DIRECTIONS FOR THIS TASK
What should be copied is the stretch of entries below from the line with "Dort wird der" up to and including the line with "Récupération des véhicules", exactly and without images.

DATA FOR THIS EXERCISE
[Start of Attachment]

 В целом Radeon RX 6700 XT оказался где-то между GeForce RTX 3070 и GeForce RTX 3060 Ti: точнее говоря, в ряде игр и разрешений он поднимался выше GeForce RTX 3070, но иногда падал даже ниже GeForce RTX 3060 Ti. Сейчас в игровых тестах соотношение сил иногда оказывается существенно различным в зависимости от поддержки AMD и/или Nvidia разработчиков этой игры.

[End of Attachment]
[Start of Attachment]

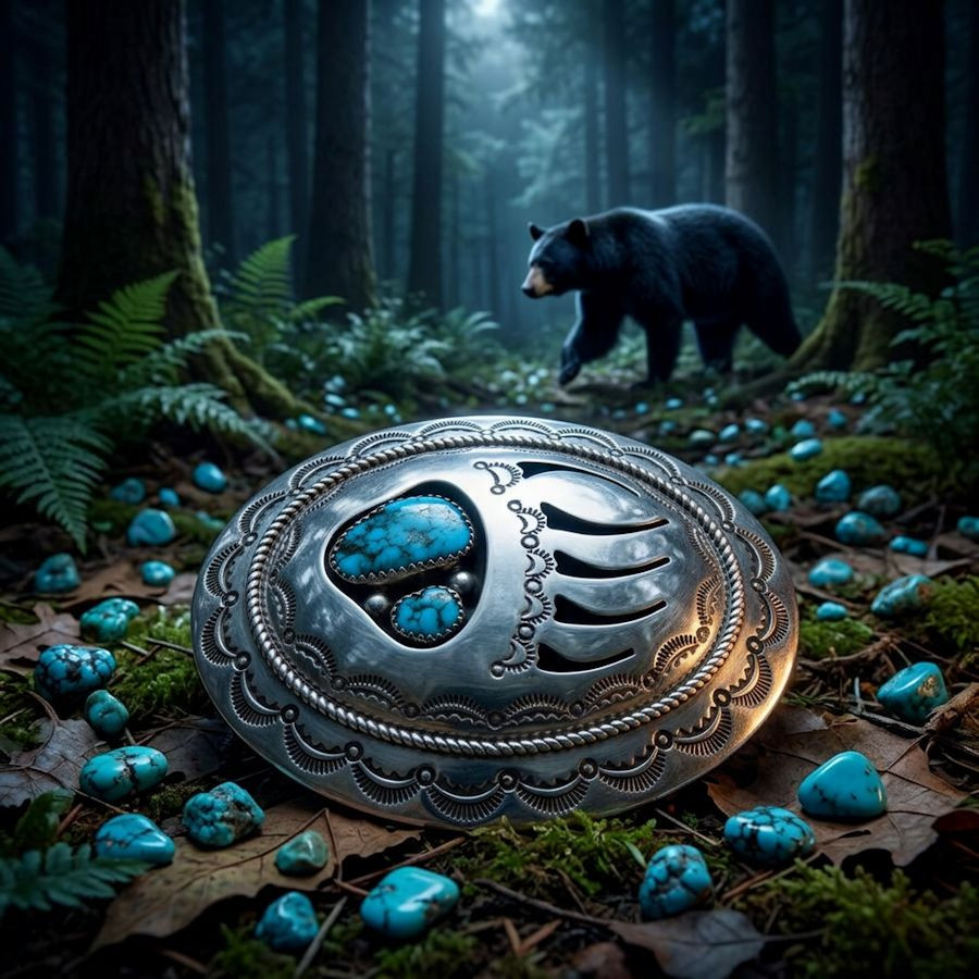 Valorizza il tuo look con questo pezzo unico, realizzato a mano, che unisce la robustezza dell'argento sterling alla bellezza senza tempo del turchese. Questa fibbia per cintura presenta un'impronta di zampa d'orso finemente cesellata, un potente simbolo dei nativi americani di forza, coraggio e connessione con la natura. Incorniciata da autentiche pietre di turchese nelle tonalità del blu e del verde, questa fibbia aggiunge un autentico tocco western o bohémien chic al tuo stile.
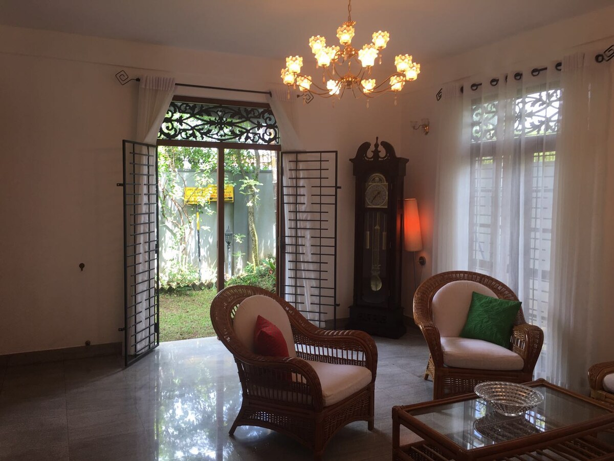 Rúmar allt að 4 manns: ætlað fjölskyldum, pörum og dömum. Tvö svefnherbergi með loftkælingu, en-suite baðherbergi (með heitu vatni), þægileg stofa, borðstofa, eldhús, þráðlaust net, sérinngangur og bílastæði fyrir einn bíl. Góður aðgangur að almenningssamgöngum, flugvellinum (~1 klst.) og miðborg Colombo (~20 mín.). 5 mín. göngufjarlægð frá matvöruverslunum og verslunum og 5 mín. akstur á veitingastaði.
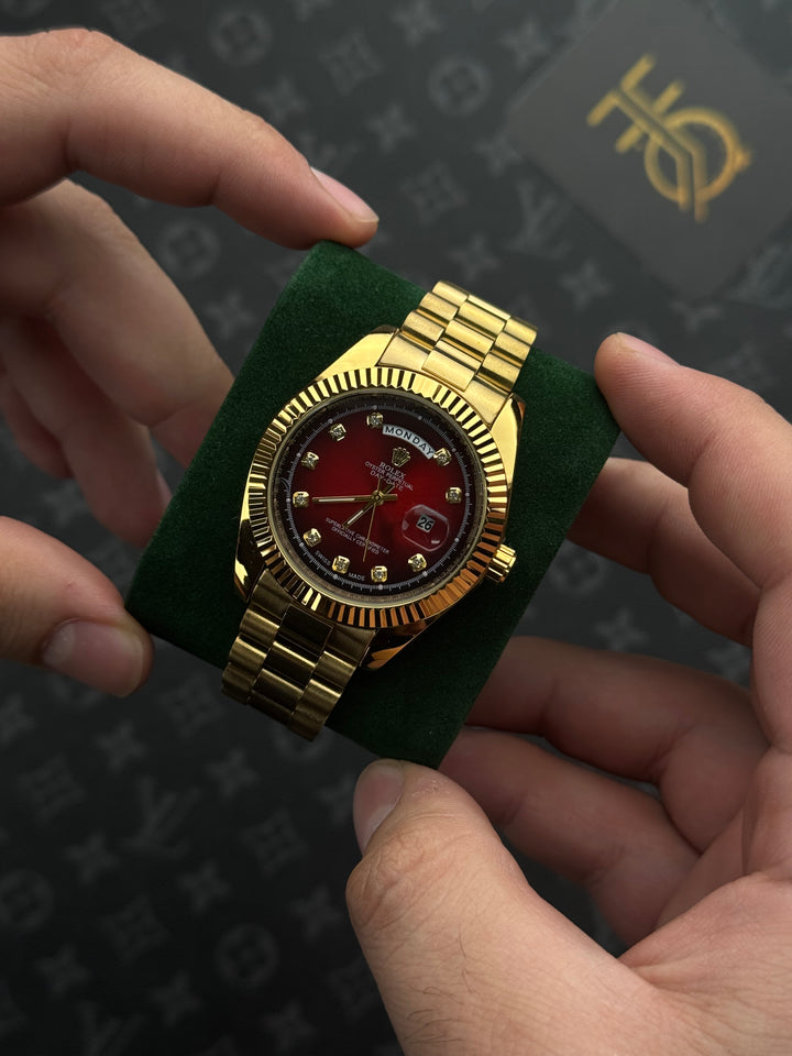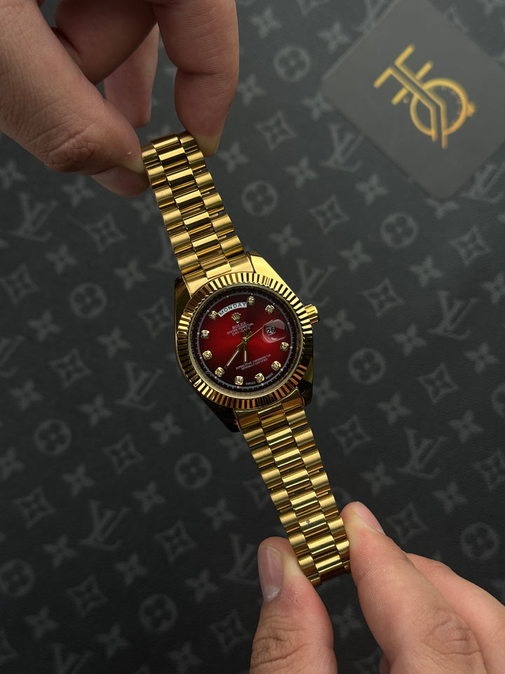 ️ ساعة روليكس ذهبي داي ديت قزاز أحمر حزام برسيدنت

[End of Attachment]
[Start of Attachment]

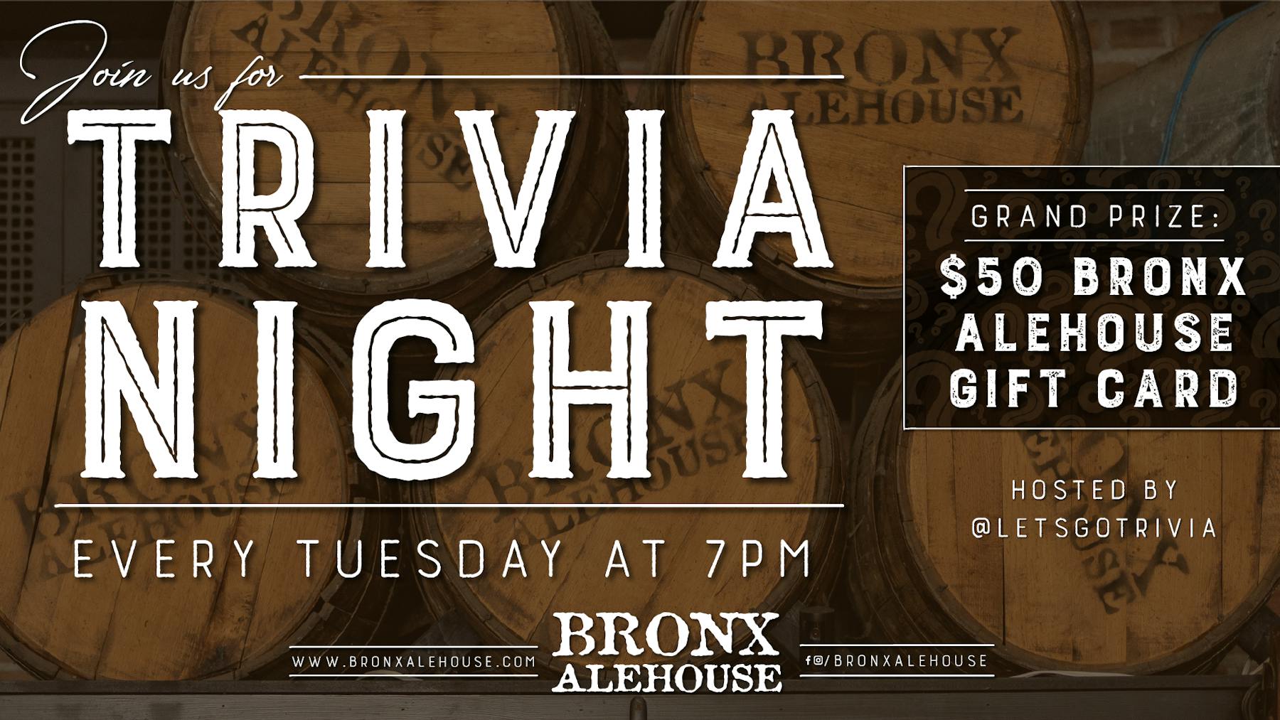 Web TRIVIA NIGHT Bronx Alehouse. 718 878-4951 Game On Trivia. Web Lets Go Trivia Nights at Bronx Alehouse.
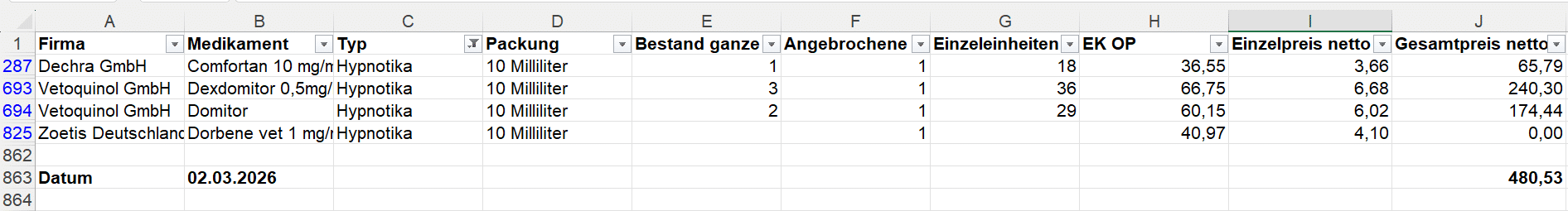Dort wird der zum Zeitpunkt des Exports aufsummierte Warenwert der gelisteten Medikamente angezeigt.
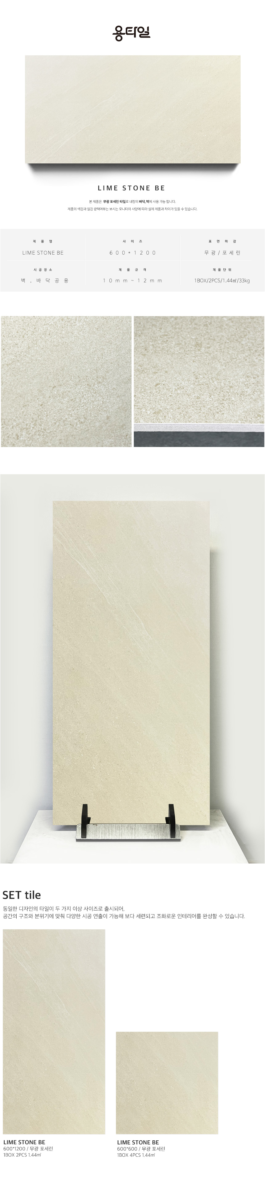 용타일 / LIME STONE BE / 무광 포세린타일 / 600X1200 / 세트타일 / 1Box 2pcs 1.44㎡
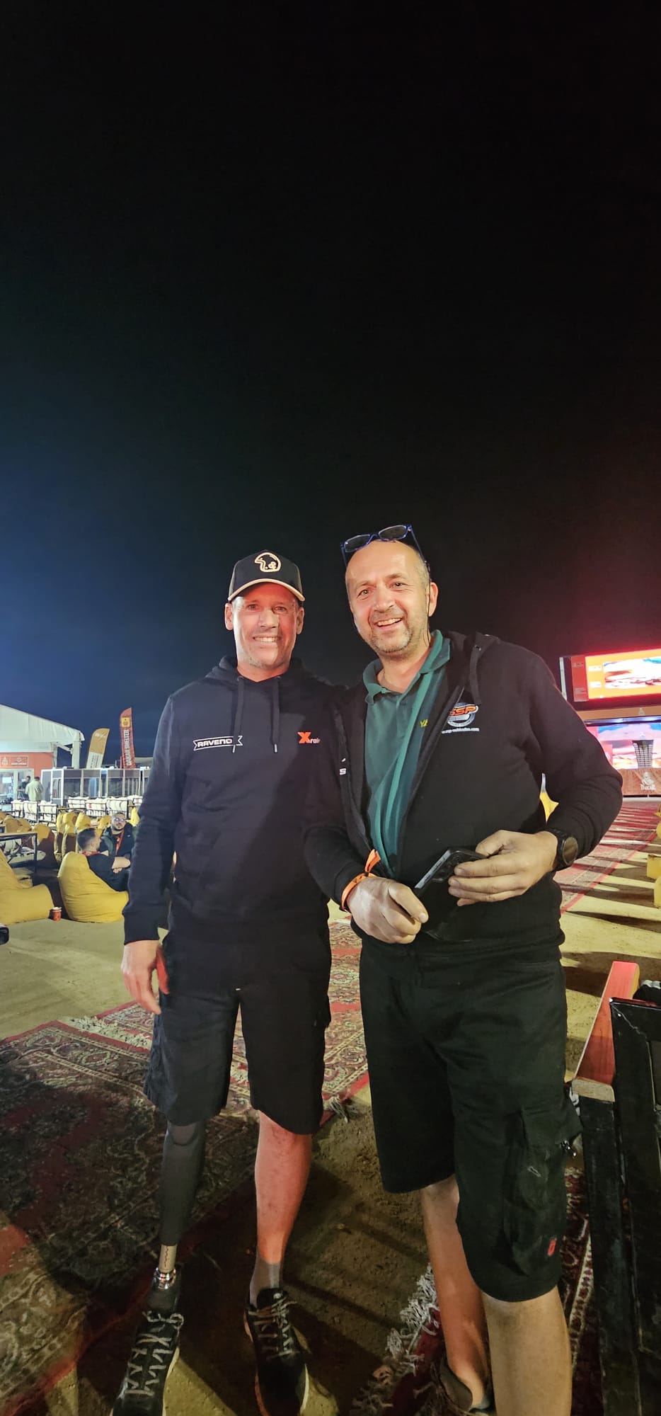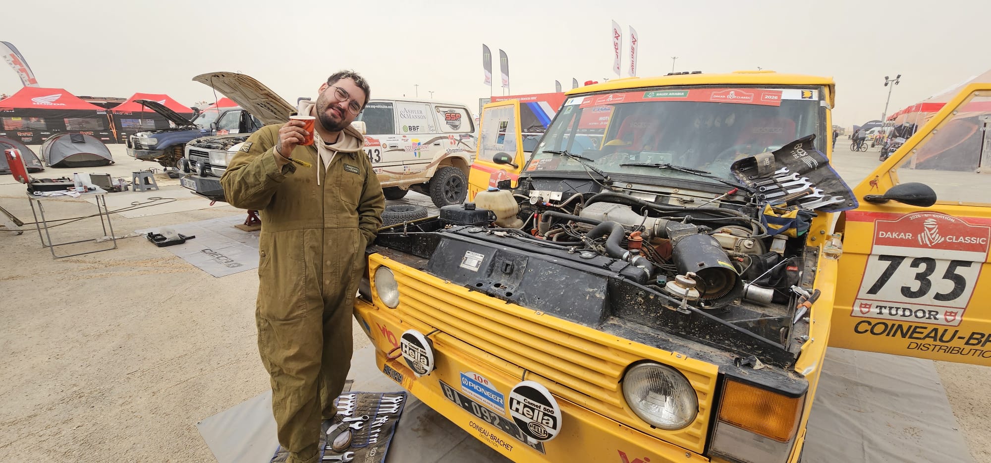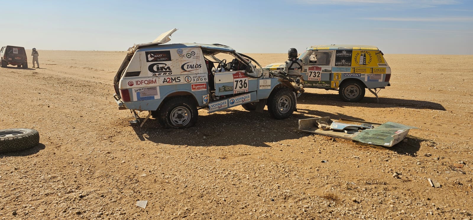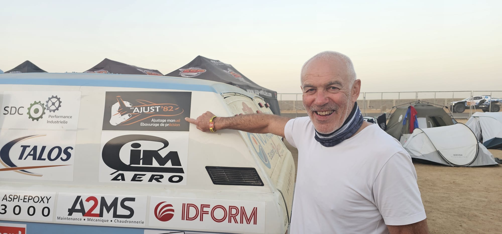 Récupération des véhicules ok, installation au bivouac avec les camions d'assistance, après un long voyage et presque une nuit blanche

[End of Attachment]

OUTPUT
Dort wird der zum Zeitpunkt des Exports aufsummierte Warenwert der gelisteten Medikamente angezeigt.
 용타일 / LIME STONE BE / 무광 포세린타일 / 600X1200 / 세트타일 / 1Box 2pcs 1.44㎡
 Récupération des véhicules ok, installation au bivouac avec les camions d'assistance, après un long voyage et presque une nuit blanche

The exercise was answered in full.